Task brief:
Only the text belongs in the copy. Transcribe the data exactly and drop any pictures.

Data extract:
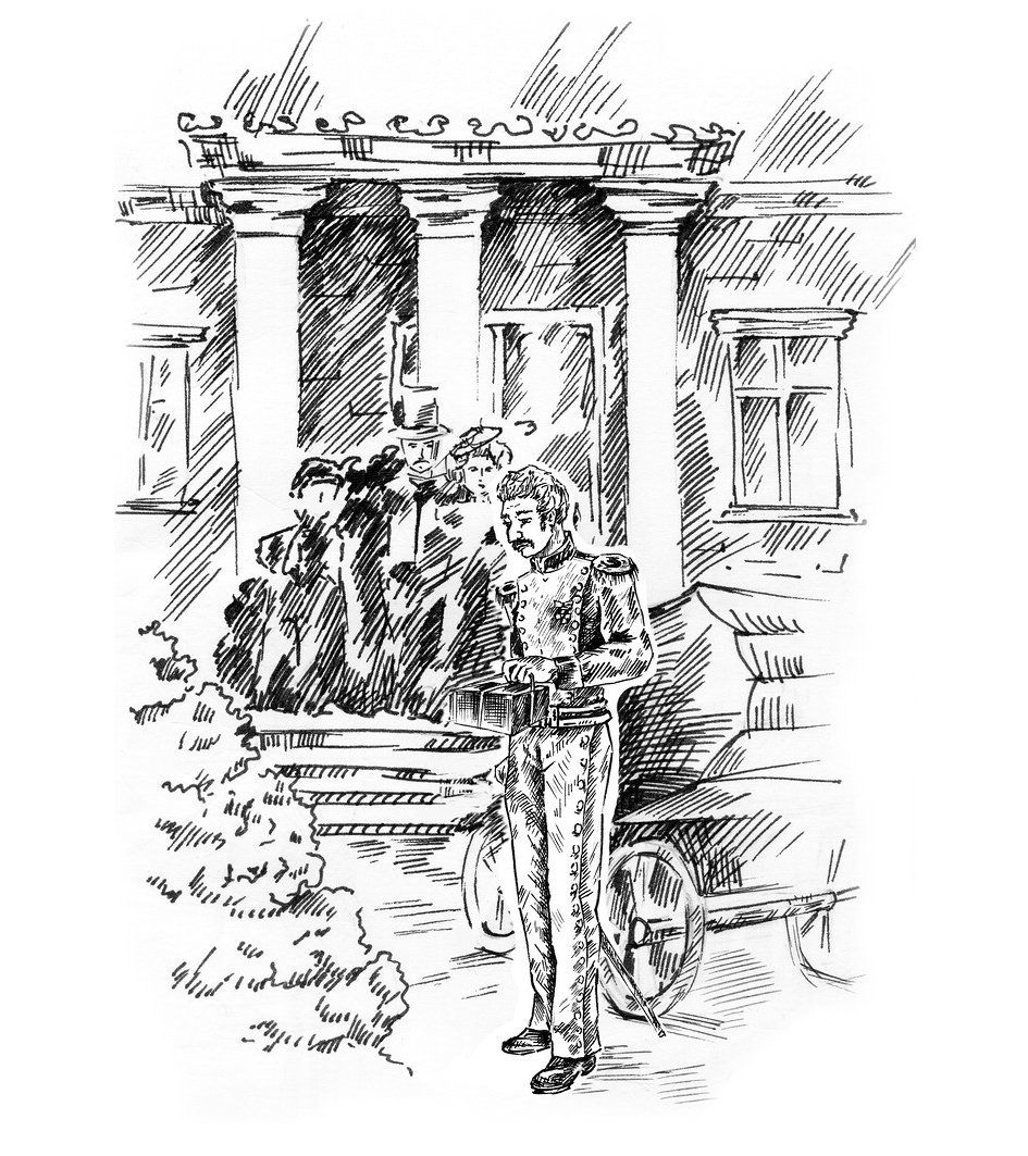 Cойдя с брички, Хитрово-Квашнин одернул синий двубортный мундир, поправил орден Св. Георгия, разгладил панталоны и, убедившись, что носки сапог сияют блеском, вручил поводья подбежавшему лакею, а саквояж – дворецкому. С тростью в одной руке, бумажной коробкой в другой, подошел, слегка прихрамывая, к крыльцу, поднялся по ступеням и расцеловал сестру. Обнял затем племянниц, 18-летнюю крестницу Аглаю и 15-летнюю Анастасию, и, наконец, обменялся рукопожатием с хозяином, среднего роста худощавым сероглазым шатеном в длинном архалуке, свободного кроя брюках и лакированных домашних туфлях.
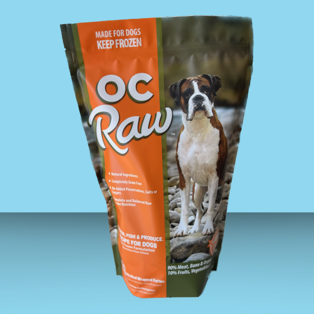 Give your dog a taste of pure, wholesome goodness with OC Raw's Chicken & Fish Patties—so fresh, even humans have mistaken them in the fridge for meatloaf! OC Raw’s patties contain no chemicals, enhancers, or preservatives and are sourced entirely from the USA (with the exception of lamb and goat from New Zealand or Australia). Perfect as a daily food source, these patties offer nutritious protein that requires smaller portions than lower-fat alternatives. Chow down, little fella!
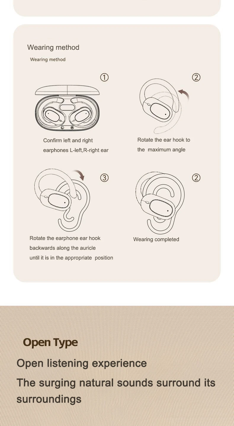 Ear hanging design: Stable and snug fit, suitable for sports scenes, even during intense exercise, it is not easy to fall off.
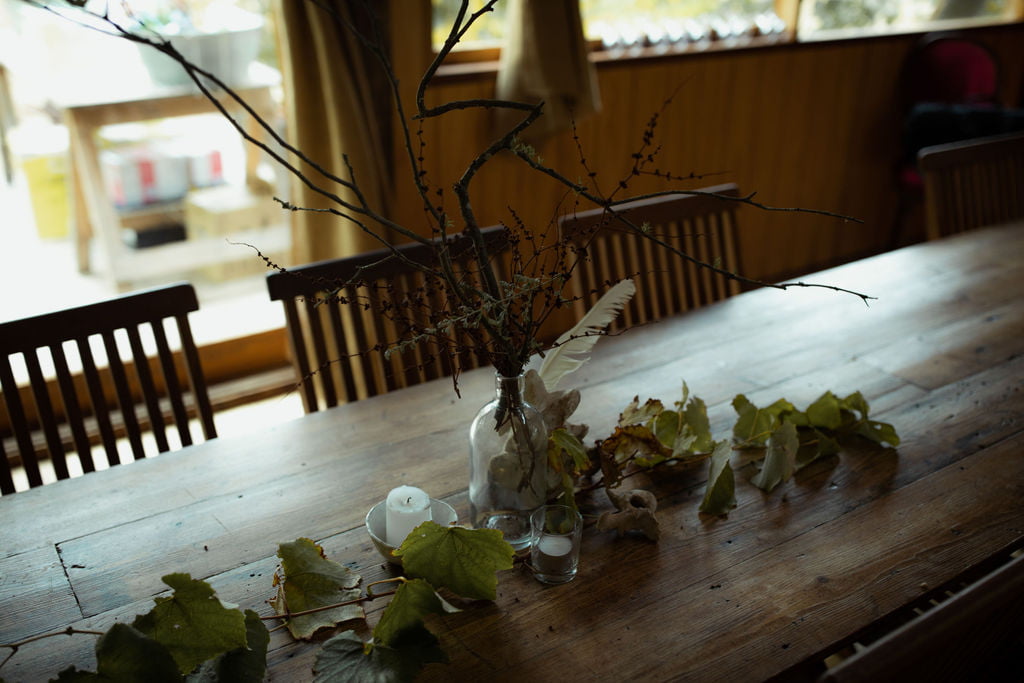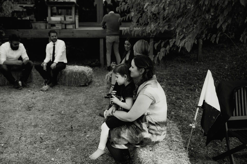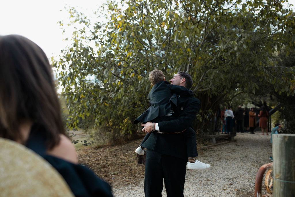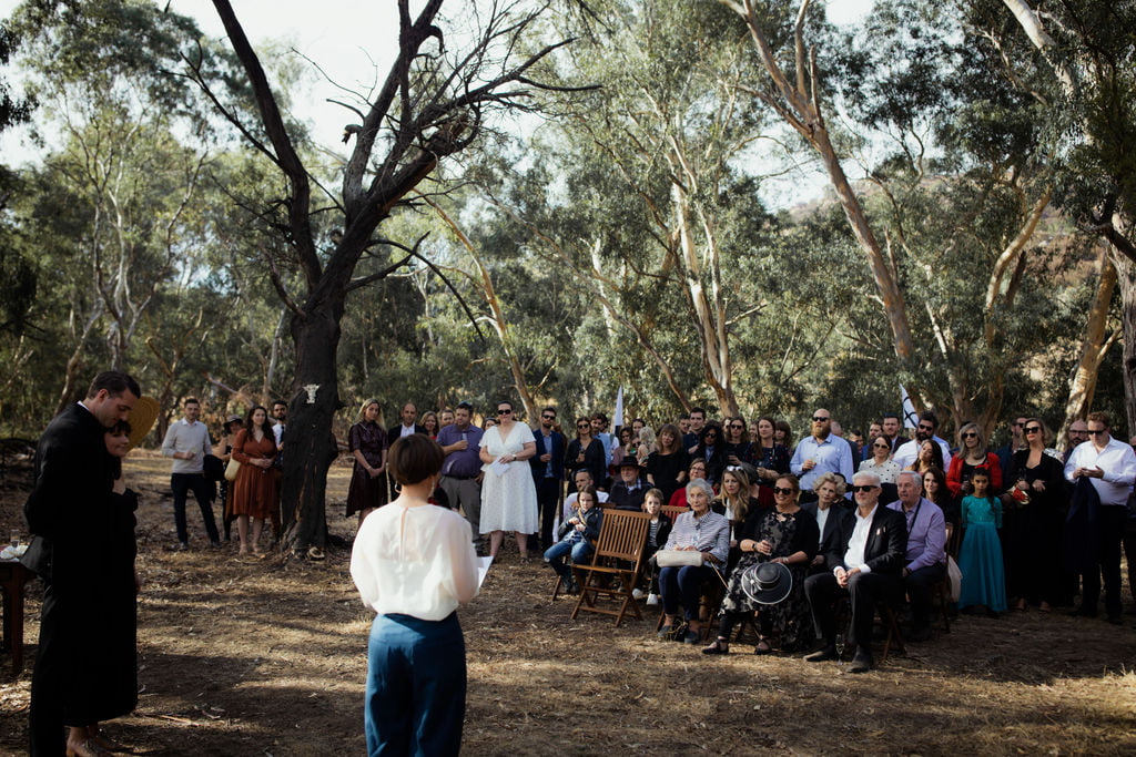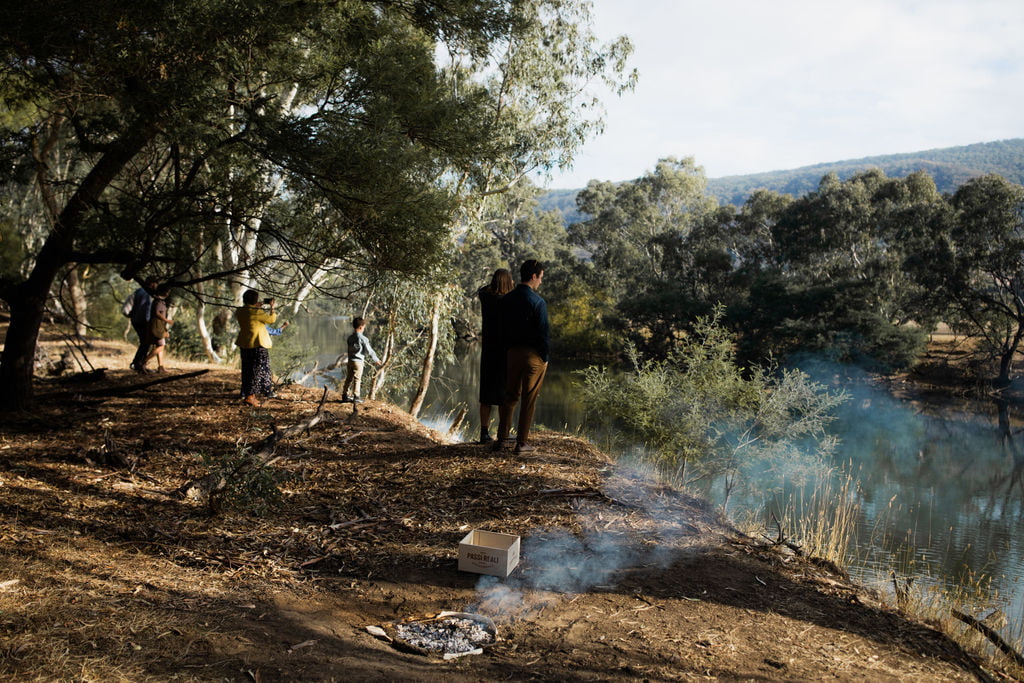 A TOUCH OF TRADITION “We hated the idea of Claire’s Dad ‘giving her away’. It felt really dated and disempowering. Instead, we waited by the river together. Our guests were invited to find us in the forest using a path marked by hand painted flags. Our guests were asked to take their time, absorb the environment and write down an intention. Along the way, we had two musicians hidden in trees playing call and response to each other. Forest, our 5-year-old, and my niece and nephews lead the way waving their own flags. It was about a fifteen-minute walk. Dave and I greeted everyone at the ceremony site and the children collected a written intention for the day from each person which we had asked our guests to create. It was a lovely way to begin the ceremony as it meant that we got to greet each one of our guests and welcome them individually. As part of our ceremony, we had our mothers bind our hands. Then with our hands bound, we worked together to light the intentions on fire, to send them away. We never read them, but it felt like a powerful way to focus everyone’s energy for the day.”
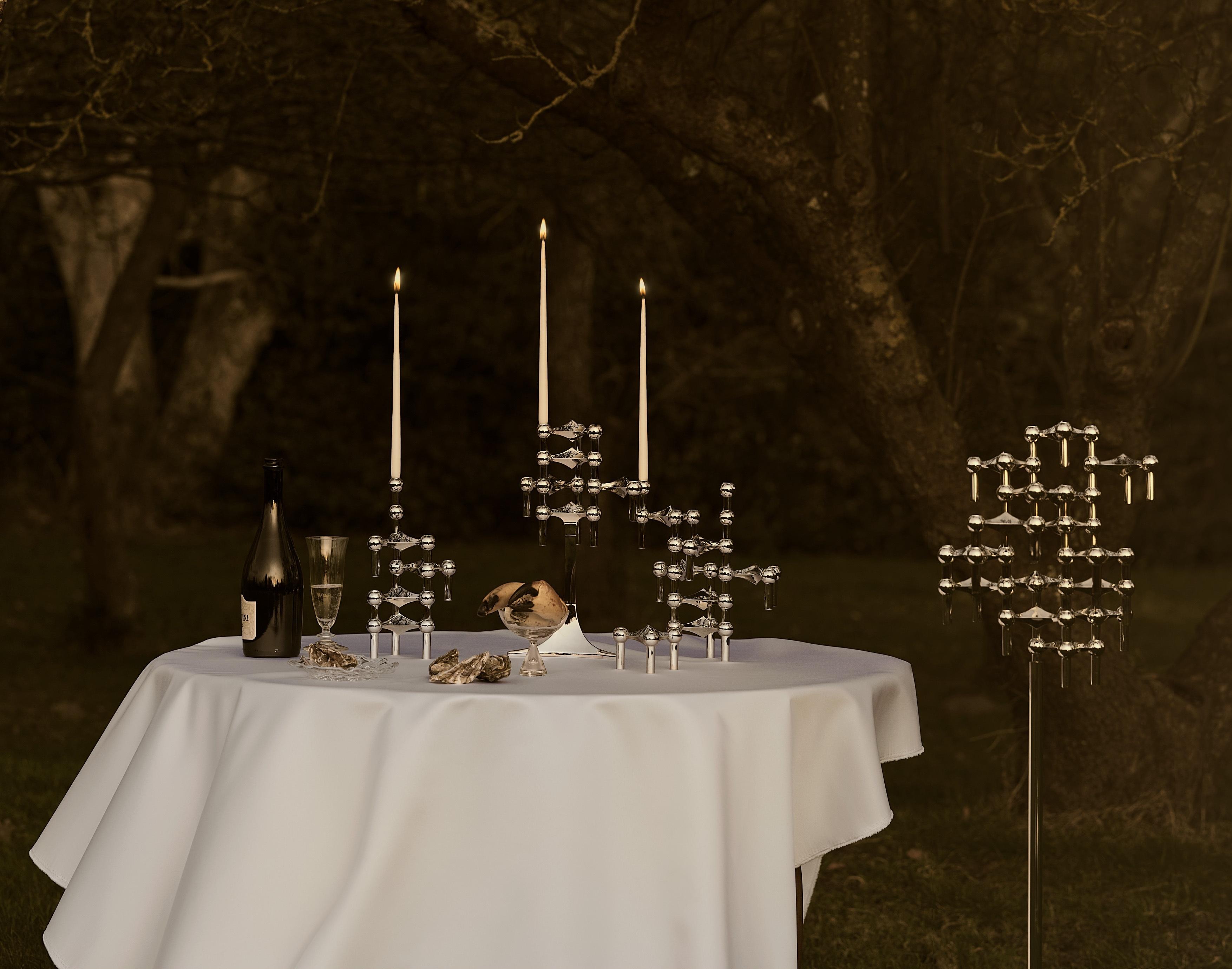 Le chandelier tripode, si reconnaissable, est lancé pour la première fois dans le Cologne des années 1960. Il assoit la réputation de la famille Nagel du jour au lendemain – une tournure inattendue pour un foyer qui, vingt ans plus tôt, a tout perdu pendant la Seconde Guerre mondiale. Leur ville natale n’est plus que ruines. Pour se reconstruire, les jeunes Hans Nagel et ses frères sont envoyés la nuit ramasser des douilles vides. Leur père transforme ce cuivre en cendriers, vases et chandeliers. Pas de doute: la fascination de Hans Nagel pour les beaux objets de table était inscrite dans les étoiles…

Exercise solution:
 Cойдя с брички, Хитрово-Квашнин одернул синий двубортный мундир, поправил орден Св. Георгия, разгладил панталоны и, убедившись, что носки сапог сияют блеском, вручил поводья подбежавшему лакею, а саквояж – дворецкому. С тростью в одной руке, бумажной коробкой в другой, подошел, слегка прихрамывая, к крыльцу, поднялся по ступеням и расцеловал сестру. Обнял затем племянниц, 18-летнюю крестницу Аглаю и 15-летнюю Анастасию, и, наконец, обменялся рукопожатием с хозяином, среднего роста худощавым сероглазым шатеном в длинном архалуке, свободного кроя брюках и лакированных домашних туфлях.
 Give your dog a taste of pure, wholesome goodness with OC Raw's Chicken & Fish Patties—so fresh, even humans have mistaken them in the fridge for meatloaf! OC Raw’s patties contain no chemicals, enhancers, or preservatives and are sourced entirely from the USA (with the exception of lamb and goat from New Zealand or Australia). Perfect as a daily food source, these patties offer nutritious protein that requires smaller portions than lower-fat alternatives. Chow down, little fella!
 Ear hanging design: Stable and snug fit, suitable for sports scenes, even during intense exercise, it is not easy to fall off.
 A TOUCH OF TRADITION “We hated the idea of Claire’s Dad ‘giving her away’. It felt really dated and disempowering. Instead, we waited by the river together. Our guests were invited to find us in the forest using a path marked by hand painted flags. Our guests were asked to take their time, absorb the environment and write down an intention. Along the way, we had two musicians hidden in trees playing call and response to each other. Forest, our 5-year-old, and my niece and nephews lead the way waving their own flags. It was about a fifteen-minute walk. Dave and I greeted everyone at the ceremony site and the children collected a written intention for the day from each person which we had asked our guests to create. It was a lovely way to begin the ceremony as it meant that we got to greet each one of our guests and welcome them individually. As part of our ceremony, we had our mothers bind our hands. Then with our hands bound, we worked together to light the intentions on fire, to send them away. We never read them, but it felt like a powerful way to focus everyone’s energy for the day.”
 Le chandelier tripode, si reconnaissable, est lancé pour la première fois dans le Cologne des années 1960. Il assoit la réputation de la famille Nagel du jour au lendemain – une tournure inattendue pour un foyer qui, vingt ans plus tôt, a tout perdu pendant la Seconde Guerre mondiale. Leur ville natale n’est plus que ruines. Pour se reconstruire, les jeunes Hans Nagel et ses frères sont envoyés la nuit ramasser des douilles vides. Leur père transforme ce cuivre en cendriers, vases et chandeliers. Pas de doute: la fascination de Hans Nagel pour les beaux objets de table était inscrite dans les étoiles…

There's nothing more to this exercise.